Wednesday 23 May 2012


Being on the cut reminds me a bit of walking to the shops in the village where we spend the rest of our time. You greet most of the people you meet, apart from those lost in a world of white ear-buds. You exchange a smile and a joke and, if you need help with something, most are pleased to oblige. On the cut, they tend to offer before you ask.

Except for occasional know-it-all. The ones who use the fact that some are still learning, to parade their know-it-all-ness. They stand out because they are the exception, very keen to tell you what you've done wrong or might have done better, with the arrogance of the already perfect. What a difference in style from those who also probably know it all, but whose advice, if offered, is gentle, with nary the slightest sense of criticism!

What is embarrassing for the self-analytical is to realise how easily you yourself can fall into the trap, principally with those nearest and dearest.
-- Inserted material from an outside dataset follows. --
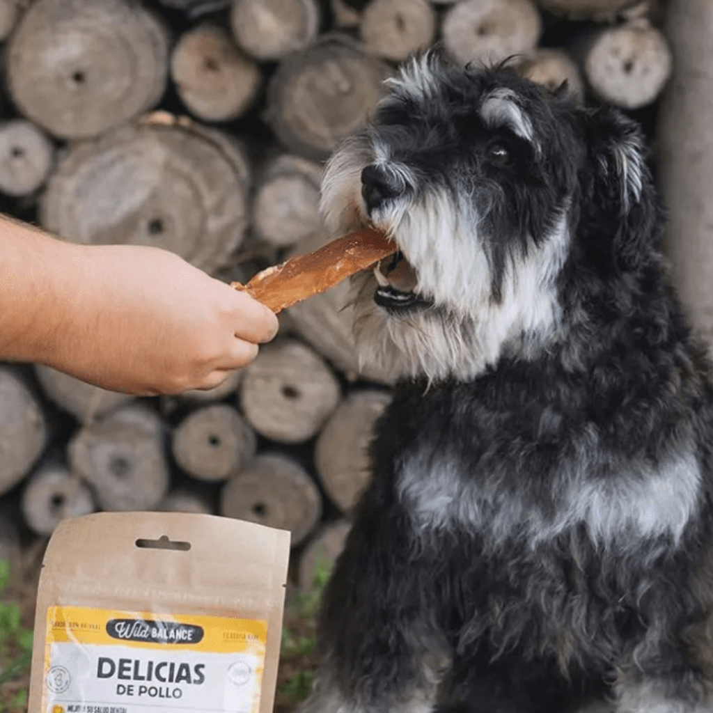 - Ingredientes: pechuga de pollo (22%), piel masticable (72%). Aditivos: sorbitol (2%), glicerina (2%), almidón (1.5%), sal (0.5%)

Concern to protect Erin Mae from another scrape as she enters a lock leads to the offering of advice. Unfortunately the advice gets offered at extremely high volume, to be heard above the engine. Any advice offered at high volume tends to sound distinctly critical. I have yet to learn how to conduct a conversation about possible changes to speed or direction, and how to achieve them, that doesn't sound positively know-it-all.

Today I discovered there's a Royal Navy regulation: "No officer shall speak discouragingly to another officer in the discharge of his duties." I suspect whoever wrote it had probably just brought a narrowboat down the seventeen locks between Market Drayton and Audlem.